– Почему? – спрашивает он срывающимся голосом, поднимая лицо к алтарю. – О Небесный Отец, почему ты позволяешь этому безумию продолжаться?
Его подбородок опускается на грудь; он закрывает глаза…
Ему отвечает грубый, хриплый голос:
– Ты так глуп, мой молочный крысёныш. Что в твоей руке, если не меч?
– Я не Божье возмездие, – отвечает мужчина. Он открывает глаза. Над ним нависает тень, высокая и худая. Она похожа на китовый ус и хрящ, связанные вместе верёвками мышц и твёрдыми узлами сухожилий. Сверху вниз на него смотрят красные глаза. – Я погряз в грехе, он очернил меня.
– Кто же ещё сможет доставить наказание твоего повелителя? Что труднее: стоять на коленях и ничего не делать или подняться и показать этим свиньям силу и величие твоего Господа – Бога, перед которым ты преклоняешься?
Взгляд мужчины скользит по лезвию меча. В нём видится божественный отблеск – настойчивость, которая придает сказанным словам ясность. Но мужчина всё равно колеблется.
– Я совсем один. А их много. С чего им меня слушать?
– Заставь их слушать, – шипит голос. – Твой клинок не угроза, глупец. Это обещание! Отруби несколько голов, перережь несколько глоток, и остальные послушаются. Разве ты не солдат Божий, призванный на эту священную войну, чтобы нести свою веру? Так что вставай с колен, идиот, и делай то, зачем тебя призвали!
Мужчина встаёт и поворачивается.
– Ты позволишь этому богохульнику жить? – шепчет тень.
– Нет!
– Ты стерпишь осквернителя, врага Божьего?
– Нет!
– Тогда говори, негодяй. Скажи нужные слова!
– На то воля Господа! – кричит мужчина. Пока эта фраза всё ещё отдаётся эхом под выжженным огнём куполом собора Святой Софии, дух мщения, который и был Конрадом, бросается на мужчин и женщин, оскверняющих патриарший престол.
В дыму мелькает его меч.
– НА ТО ВОЛЯ ГОСПОДА!
Конрад содрогнулся. Его глаза закатились; кубок в его руке со звоном упал на стол, разбрызгивая винный осадок по исцарапанным доскам.
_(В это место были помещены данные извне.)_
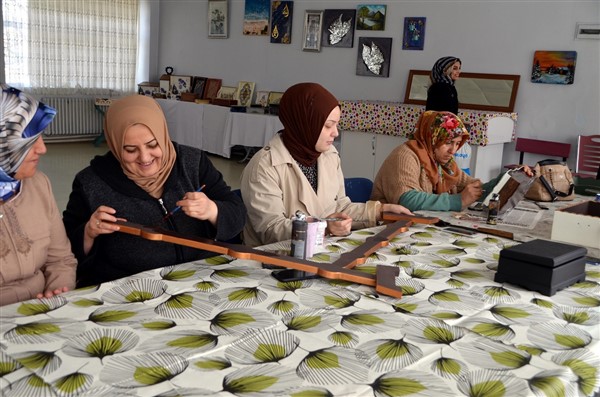 Haftanın belirli günlerinde usta öğreticilerden ders alan kadınlar, ADEM atölyelerinde yaptıkları çalışmalarla el becerilerini geliştiriyor.

Тело альбиноса сжалось. Никулас схватил его за плечо прежде, чем он успел свалиться со своего места. Из-под сутаны священник достал трубку из твердой кожи.
– Старкад! – призвал он командира присягнувших. – Разожми его челюсть!
Мускулистый Старкад послушался священника, его сильные пальцы не слишком осторожно приоткрыли рот альбиноса – достаточно широко и надолго, чтобы Никулас смог просунуть между ними трубку. Он взглянул на собравшихся мужчин, на их лицах была вся гамма эмоций.
– Так не откусит себе язык и не сломает зубы. Давай, Старкад, помоги перенести его на койку.
– Что это с ним? – спросил Торвальд, перекрестившись. – Он одержим?
Никулас устало улыбнулся.
– Не демонами. Эти затяжные лихорадки и судороги вызваны болезнями, которые он подхватил на Востоке, и ранами, полученными в боях под стенами Константинополя – вы называете его Миклагардом.
– Слабое утешение. Он сможет нас вести?
В шатре воцарилась тишина. Старкад уже собрался отвечать, но его остановила рука священника на плече. Никулас встал. Он не был маленьким; они с Торвальдом были примерно одного роста. Священник встретил откровенный взгляд норвежца.
– Ты смеешь сомневаться?
Торвальд наклонился вперёд; его глаза были холодными и жесткими, цвета льда его родины.